We also know that several of these 139 variables aren't going to be predictive, such as record weights, survey dates, sequence numbers (the dataset's primary key), and flags for cell phone or land line. A quick pass through the codebook helped me identify the obvious ones, and I removed them. 
# Drop non-informative columns
data_filtered = data_filtered.drop(['FMONTH', 'IDATE', 'IMONTH', 'IDAY', 'IYEAR', 'DISPCODE',
                                    'SEQNO', 'x_PSU', 'SAFETIME', 'CTELNUM1', 'CELLFON5', 'CADULT1',
                                    'CELLSEX2', 'CSTATE1', 'LANDLINE', 'x_STSTR', 'x_STRWT',
                                    'x_WT2RAKE', 'x_LLCPWT2', 'x_LLCPWT'], axis=1)

# Output
print(f"Shape after dropping non-informative columns: {data_filtered.shape}")

We went from 350 variables in the initial .csv to 110, including our outcome variable, MENTHLTHIf I missed any non-informative columns, I'll let the model whittle them out on account of their intrinsic lack of predictive power.

Moving on, each column's respective missing values are spread across different records. So, if we exclude all rows missing any of these from these 110 variables, we get...
# Drop all rows with missing values
data_filtered = data_filtered.dropna()

print(f"Shape after dropping rows with missing values: {data_filtered.shape}")
...189,278 remaining records, a decrease of 235,940 (~55%).

We now need to handle numerical values in our remaining continuous variables that indicate data are unavailable, such as '77' for refused, '99' for "Don't know", and other numbers stipulated in the 2023 BRFSS Codebook. Also, in some variables, the number '88' indicates 0, so this needs to be recode for continuous variable correlations to be properly construed. If we do not handle these records, we will inadvertently skew our analysis.

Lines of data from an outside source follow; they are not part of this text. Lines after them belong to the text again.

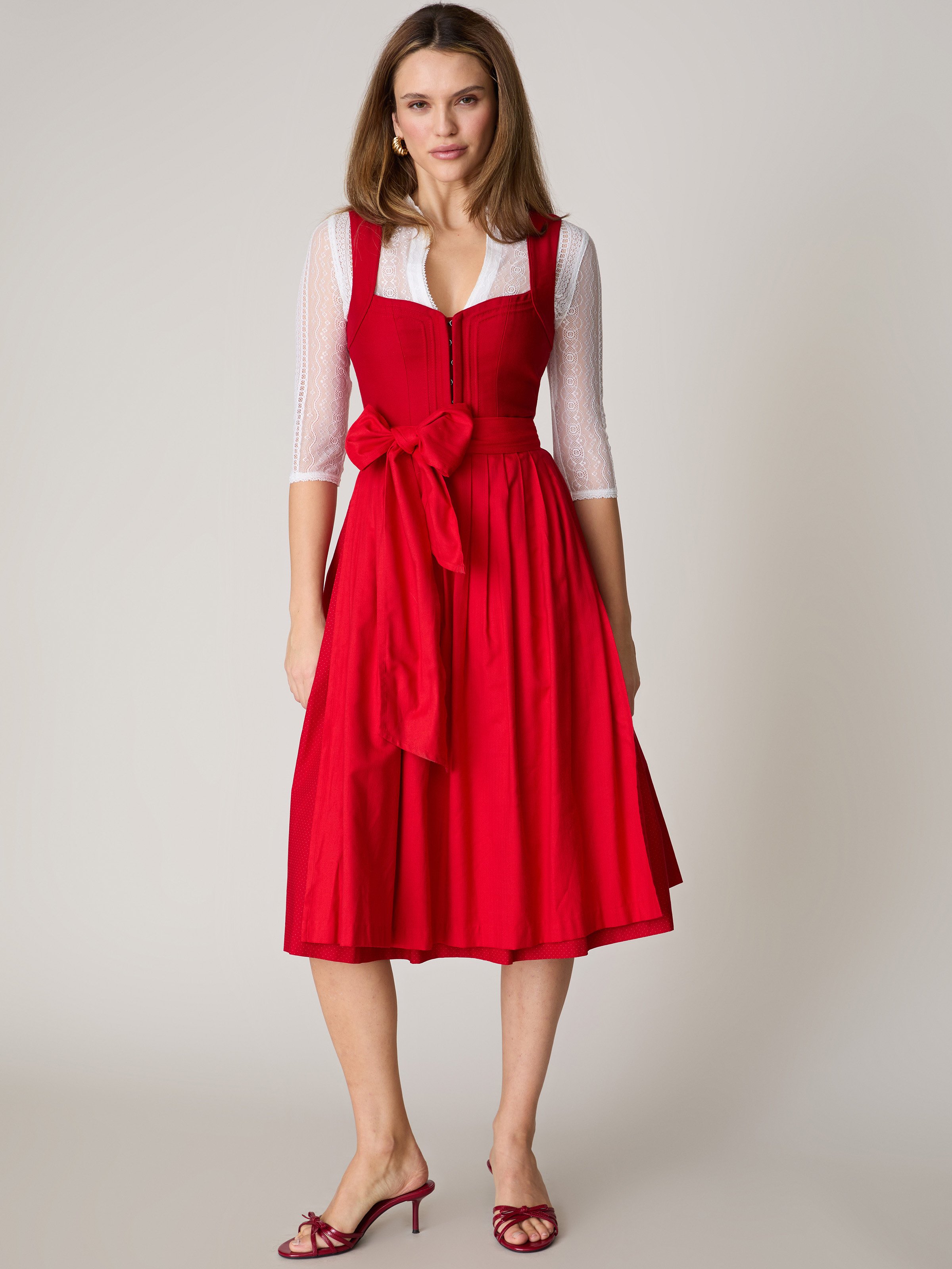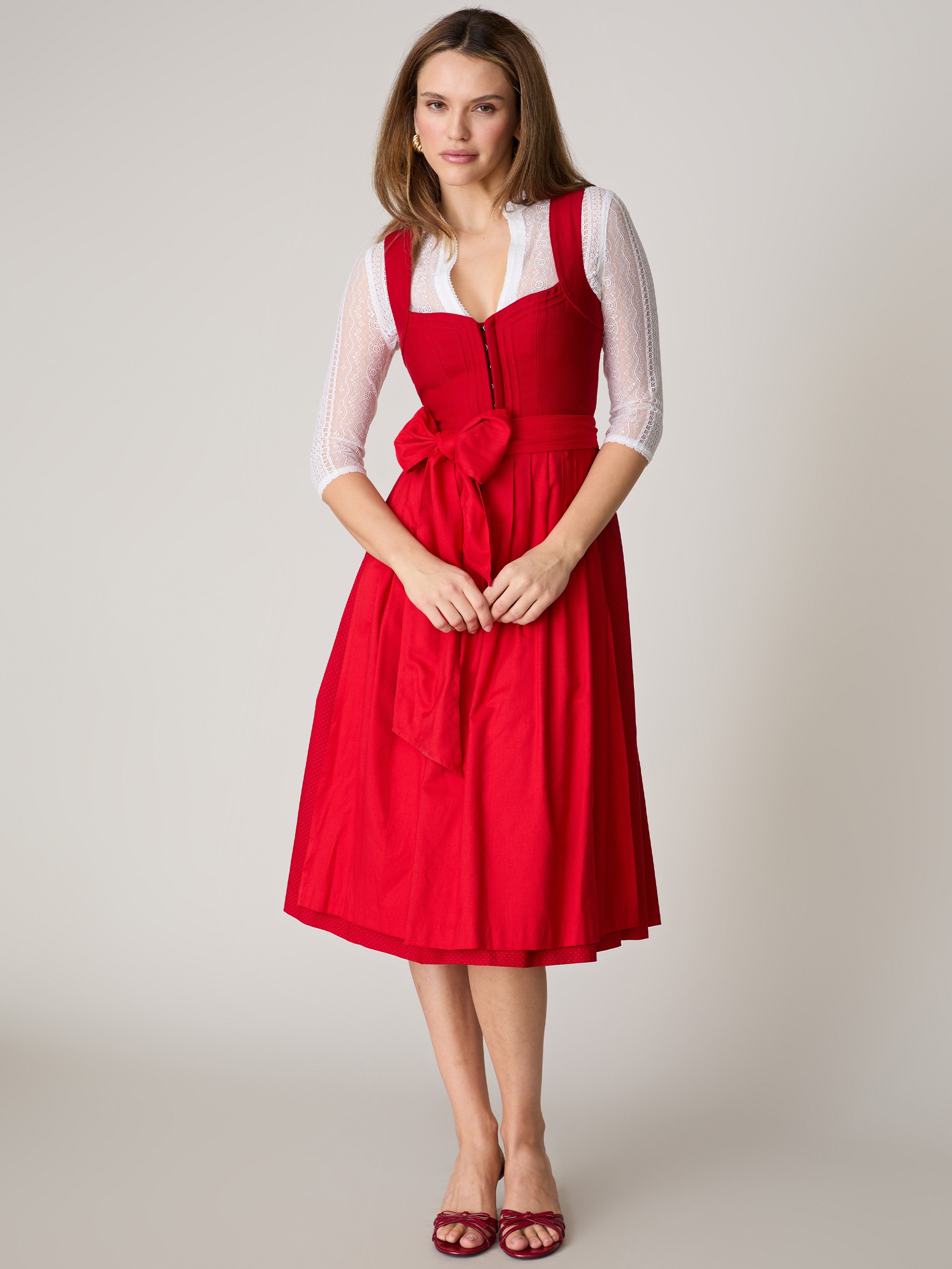 Dirndl in kräftigem Rot mit Schnurrsteppung - NELLIE PLAIN RED
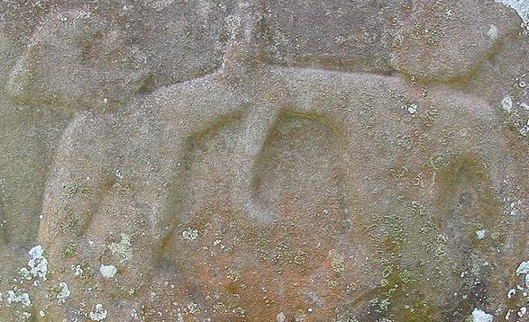 (사진) 바이욘사원에 조각되어 있는 발차기를 방어하는 동작.
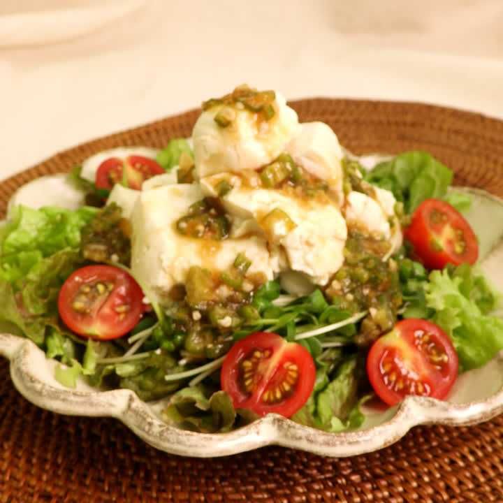 ネバネバがからむ! くずし豆腐のオクラサラダのレシピ動画・作り方 | デリッシュキッチン
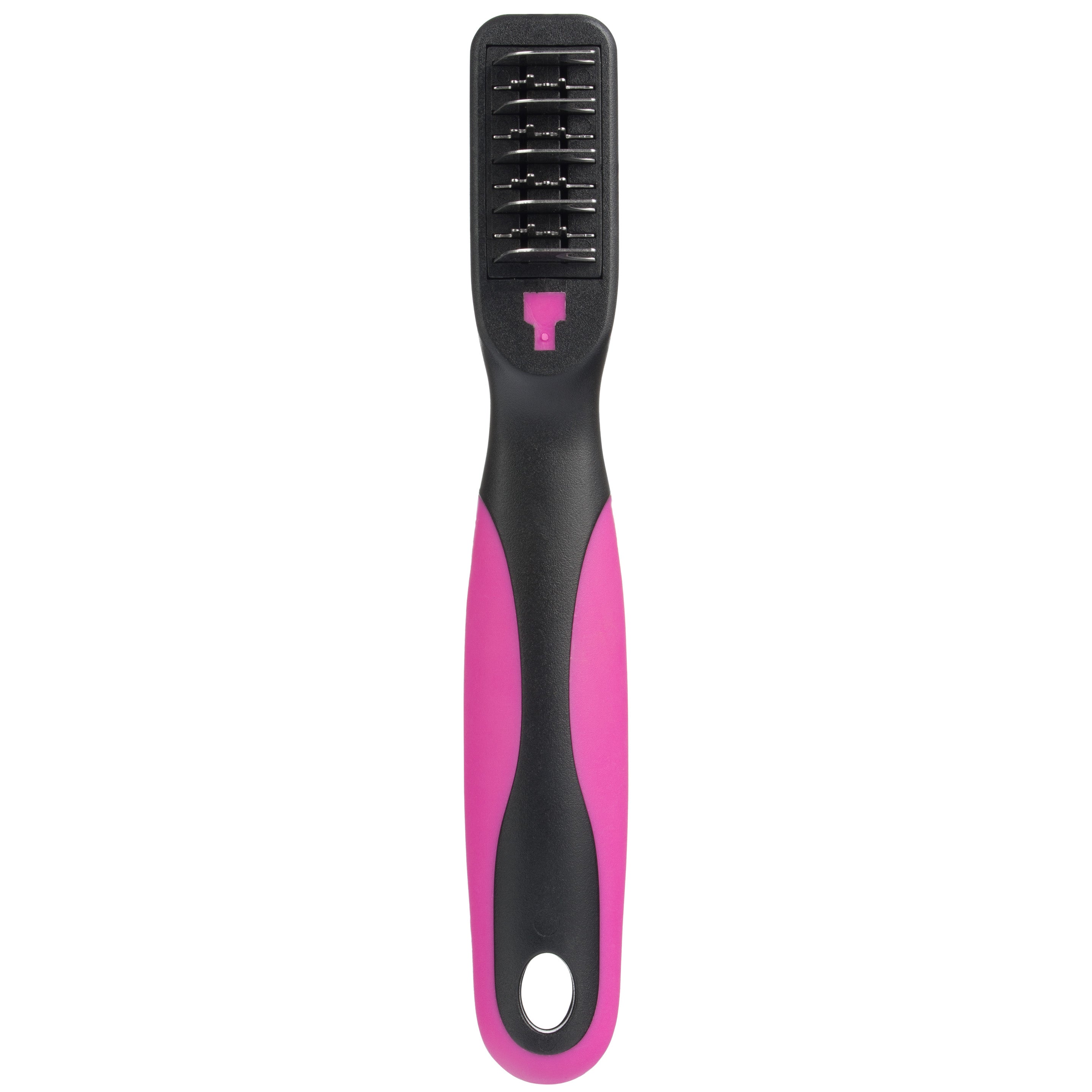 The Blovi 5 Blade Matt Breaker Dog Felt Brush is designed to tackle matted and tangled fur. It features five widely spaced, sharp metal hook blades that cut through mats, while four additional "twigs" located between the blades make it easy to remove loose hair. The ergonomically shaped handle with non-slip rubber inserts allows for a comfortable grip and confident work without the risk of slipping.
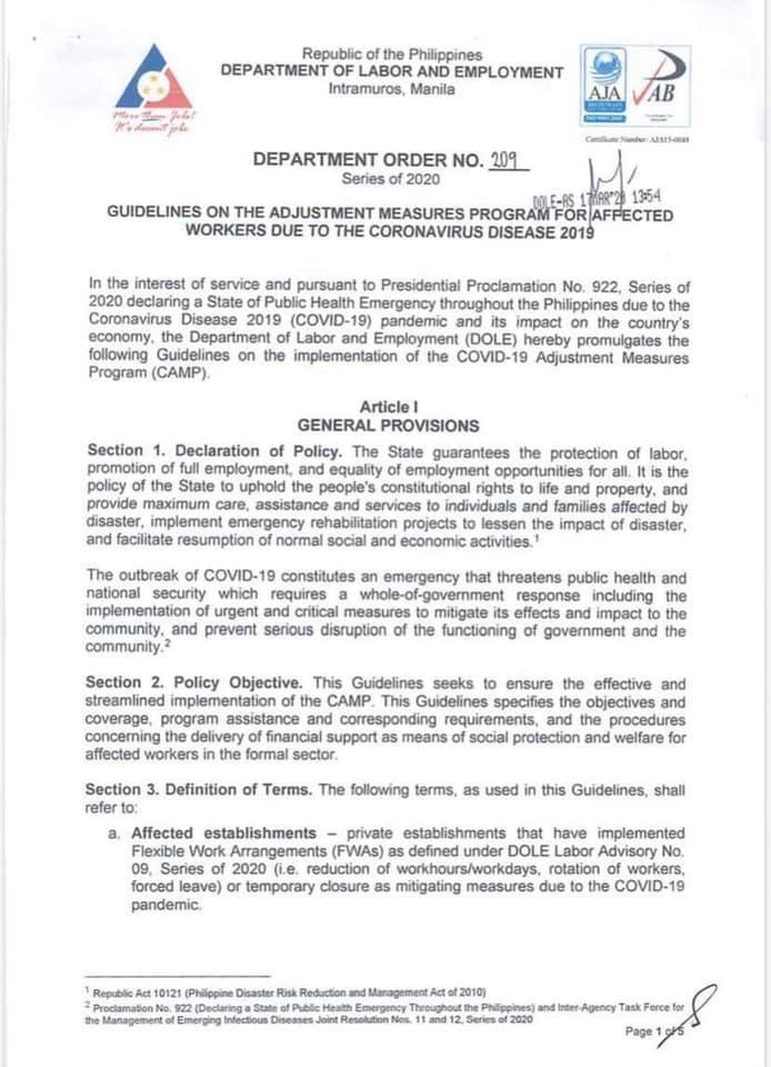 DOLE Department Order No. 209:Guidelines on the Adjustment Measures program for Affected Workers Due to the Coronavirus Disease 2019

## Recode 88 in MENTHLTH, PHYSHLTH, POORHLTH, CHILDREN, & SMOKE100 to 0
data_filtered['MENTHLTH'] = data_filtered['MENTHLTH'].replace(88, 0)
data_filtered['PHYSHLTH'] = data_filtered['PHYSHLTH'].replace(88, 0)
data_filtered['CHILDREN'] = data_filtered['CHILDREN'].replace(88, 0)
data_filtered['SMOKE100'] = data_filtered['SMOKE100'].replace(88, 0)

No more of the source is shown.